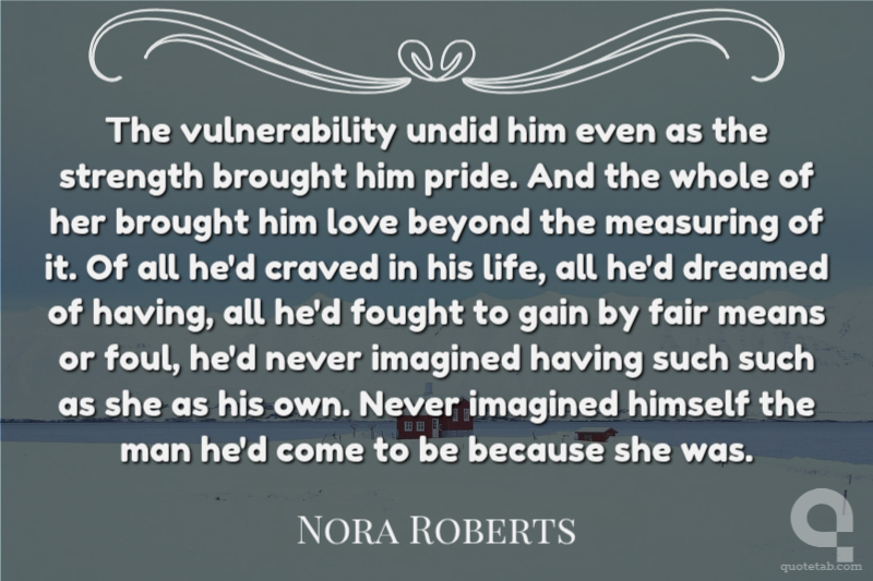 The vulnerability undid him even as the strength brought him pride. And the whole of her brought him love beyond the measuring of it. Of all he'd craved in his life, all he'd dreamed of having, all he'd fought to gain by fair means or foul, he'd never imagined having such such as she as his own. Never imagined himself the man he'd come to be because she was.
--
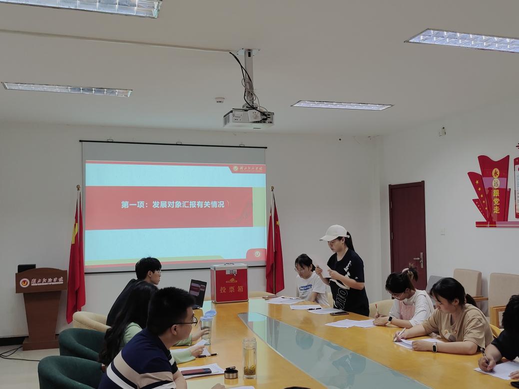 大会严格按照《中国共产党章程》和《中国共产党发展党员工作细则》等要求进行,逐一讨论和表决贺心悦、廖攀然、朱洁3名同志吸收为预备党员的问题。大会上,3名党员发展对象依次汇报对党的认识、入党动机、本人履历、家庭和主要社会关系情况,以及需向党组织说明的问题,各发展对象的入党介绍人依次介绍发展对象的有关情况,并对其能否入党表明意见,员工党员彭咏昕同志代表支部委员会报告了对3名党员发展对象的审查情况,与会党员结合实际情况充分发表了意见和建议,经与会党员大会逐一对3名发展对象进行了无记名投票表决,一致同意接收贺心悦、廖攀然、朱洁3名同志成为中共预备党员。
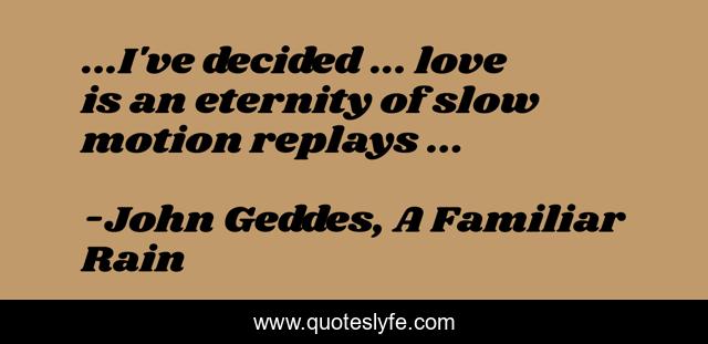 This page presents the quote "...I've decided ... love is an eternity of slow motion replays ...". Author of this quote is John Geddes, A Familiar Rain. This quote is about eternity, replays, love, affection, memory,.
...
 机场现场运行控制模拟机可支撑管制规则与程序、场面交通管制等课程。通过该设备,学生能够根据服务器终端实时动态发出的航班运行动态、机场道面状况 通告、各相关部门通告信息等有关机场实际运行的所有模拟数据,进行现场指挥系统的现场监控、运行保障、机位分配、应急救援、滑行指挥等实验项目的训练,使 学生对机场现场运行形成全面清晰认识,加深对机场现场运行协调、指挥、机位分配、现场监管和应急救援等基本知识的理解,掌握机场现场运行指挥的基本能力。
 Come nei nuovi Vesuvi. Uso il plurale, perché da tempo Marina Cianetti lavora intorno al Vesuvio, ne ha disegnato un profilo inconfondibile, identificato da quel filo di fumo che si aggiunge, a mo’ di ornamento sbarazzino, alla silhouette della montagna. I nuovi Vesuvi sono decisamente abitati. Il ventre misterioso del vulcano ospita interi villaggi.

- Requirement -
Although the records above contain pictures, the copy should not; retype exactly the lines from the one containing "大会严格按照《中国共产党章程" through the one containing "This page presents".

- Result -
 大会严格按照《中国共产党章程》和《中国共产党发展党员工作细则》等要求进行,逐一讨论和表决贺心悦、廖攀然、朱洁3名同志吸收为预备党员的问题。大会上,3名党员发展对象依次汇报对党的认识、入党动机、本人履历、家庭和主要社会关系情况,以及需向党组织说明的问题,各发展对象的入党介绍人依次介绍发展对象的有关情况,并对其能否入党表明意见,员工党员彭咏昕同志代表支部委员会报告了对3名党员发展对象的审查情况,与会党员结合实际情况充分发表了意见和建议,经与会党员大会逐一对3名发展对象进行了无记名投票表决,一致同意接收贺心悦、廖攀然、朱洁3名同志成为中共预备党员。
 This page presents the quote "...I've decided ... love is an eternity of slow motion replays ...". Author of this quote is John Geddes, A Familiar Rain. This quote is about eternity, replays, love, affection, memory,.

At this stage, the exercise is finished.